_Information provided:_
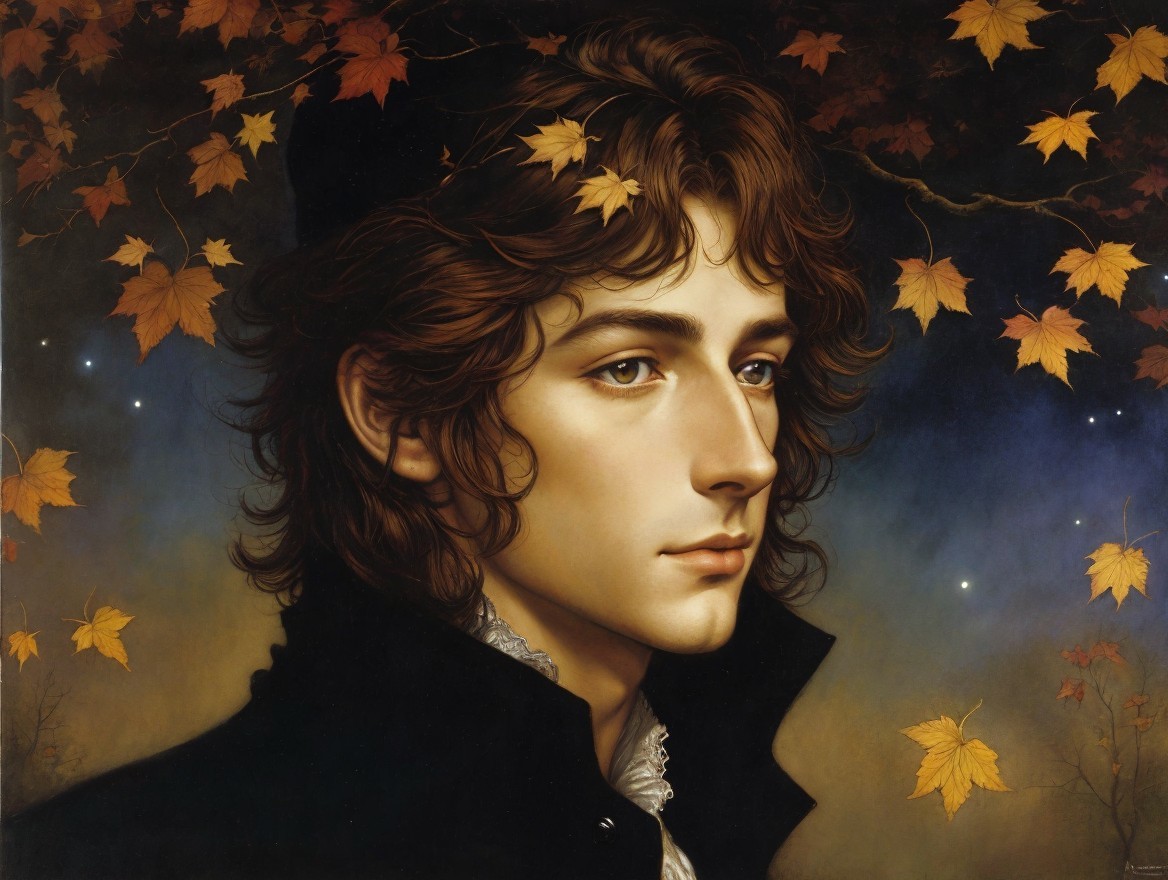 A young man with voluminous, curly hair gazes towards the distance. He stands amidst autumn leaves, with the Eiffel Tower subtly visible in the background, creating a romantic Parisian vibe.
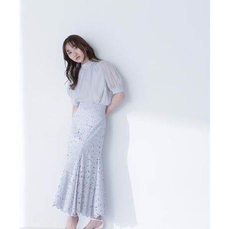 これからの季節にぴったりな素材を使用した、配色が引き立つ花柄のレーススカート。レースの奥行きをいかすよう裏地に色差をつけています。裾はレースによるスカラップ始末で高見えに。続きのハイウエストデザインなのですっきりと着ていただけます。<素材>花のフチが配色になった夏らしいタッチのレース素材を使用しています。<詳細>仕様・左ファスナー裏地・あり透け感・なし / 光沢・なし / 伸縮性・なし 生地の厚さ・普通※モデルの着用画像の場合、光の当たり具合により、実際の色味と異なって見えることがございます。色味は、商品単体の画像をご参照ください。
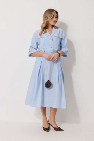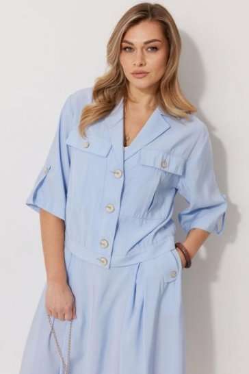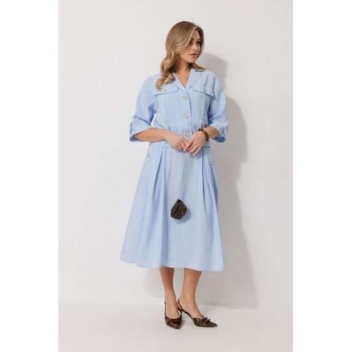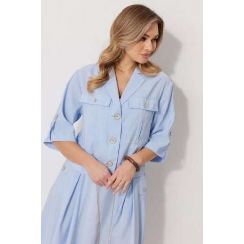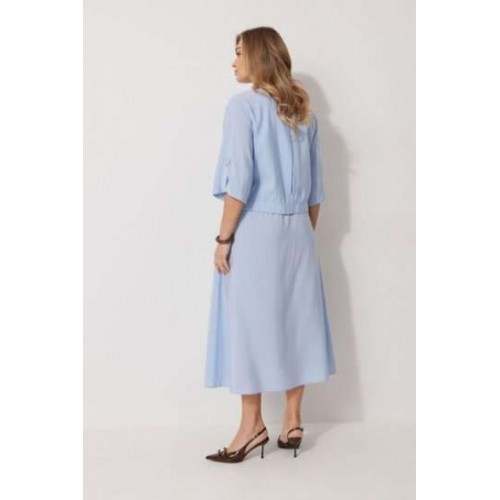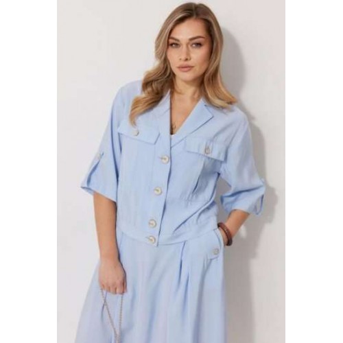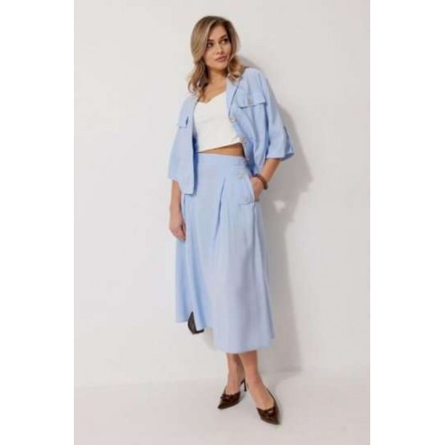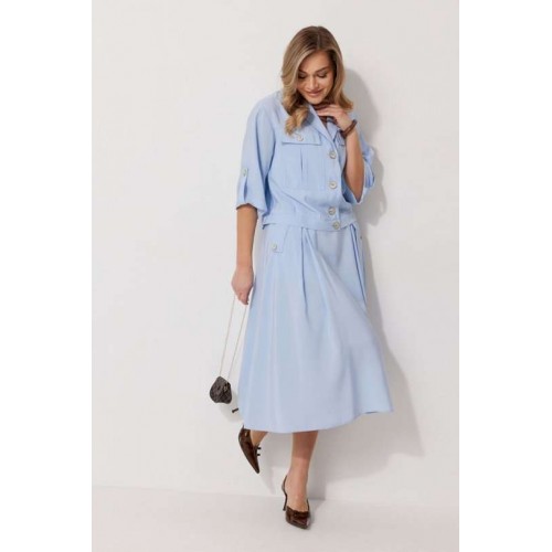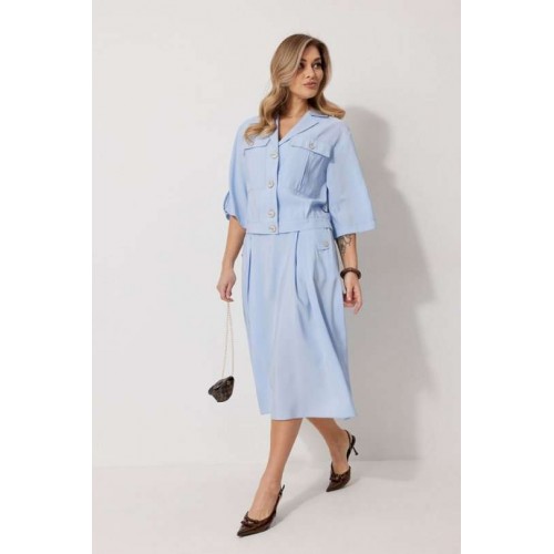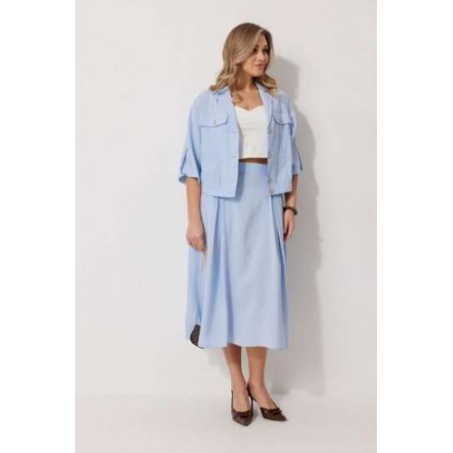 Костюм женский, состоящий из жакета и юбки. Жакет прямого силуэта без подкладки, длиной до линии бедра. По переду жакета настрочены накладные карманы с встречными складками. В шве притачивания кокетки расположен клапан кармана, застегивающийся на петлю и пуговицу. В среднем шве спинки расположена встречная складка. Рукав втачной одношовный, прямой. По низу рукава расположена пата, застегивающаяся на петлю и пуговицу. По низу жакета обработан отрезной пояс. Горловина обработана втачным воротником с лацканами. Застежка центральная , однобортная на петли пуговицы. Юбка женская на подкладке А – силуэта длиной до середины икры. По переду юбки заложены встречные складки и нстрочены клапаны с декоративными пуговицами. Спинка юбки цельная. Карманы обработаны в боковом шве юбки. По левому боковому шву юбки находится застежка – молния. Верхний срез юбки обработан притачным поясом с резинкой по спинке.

_Instructions for the task:_ The required output is an exact copy of the lines from the one with "光沢・なし / 伸縮性・なし" through the final line of the data above, with pictures removed.

_Result:_
 これからの季節にぴったりな素材を使用した、配色が引き立つ花柄のレーススカート。レースの奥行きをいかすよう裏地に色差をつけています。裾はレースによるスカラップ始末で高見えに。続きのハイウエストデザインなのですっきりと着ていただけます。<素材>花のフチが配色になった夏らしいタッチのレース素材を使用しています。<詳細>仕様・左ファスナー裏地・あり透け感・なし / 光沢・なし / 伸縮性・なし 生地の厚さ・普通※モデルの着用画像の場合、光の当たり具合により、実際の色味と異なって見えることがございます。色味は、商品単体の画像をご参照ください。
 Костюм женский, состоящий из жакета и юбки. Жакет прямого силуэта без подкладки, длиной до линии бедра. По переду жакета настрочены накладные карманы с встречными складками. В шве притачивания кокетки расположен клапан кармана, застегивающийся на петлю и пуговицу. В среднем шве спинки расположена встречная складка. Рукав втачной одношовный, прямой. По низу рукава расположена пата, застегивающаяся на петлю и пуговицу. По низу жакета обработан отрезной пояс. Горловина обработана втачным воротником с лацканами. Застежка центральная , однобортная на петли пуговицы. Юбка женская на подкладке А – силуэта длиной до середины икры. По переду юбки заложены встречные складки и нстрочены клапаны с декоративными пуговицами. Спинка юбки цельная. Карманы обработаны в боковом шве юбки. По левому боковому шву юбки находится застежка – молния. Верхний срез юбки обработан притачным поясом с резинкой по спинке.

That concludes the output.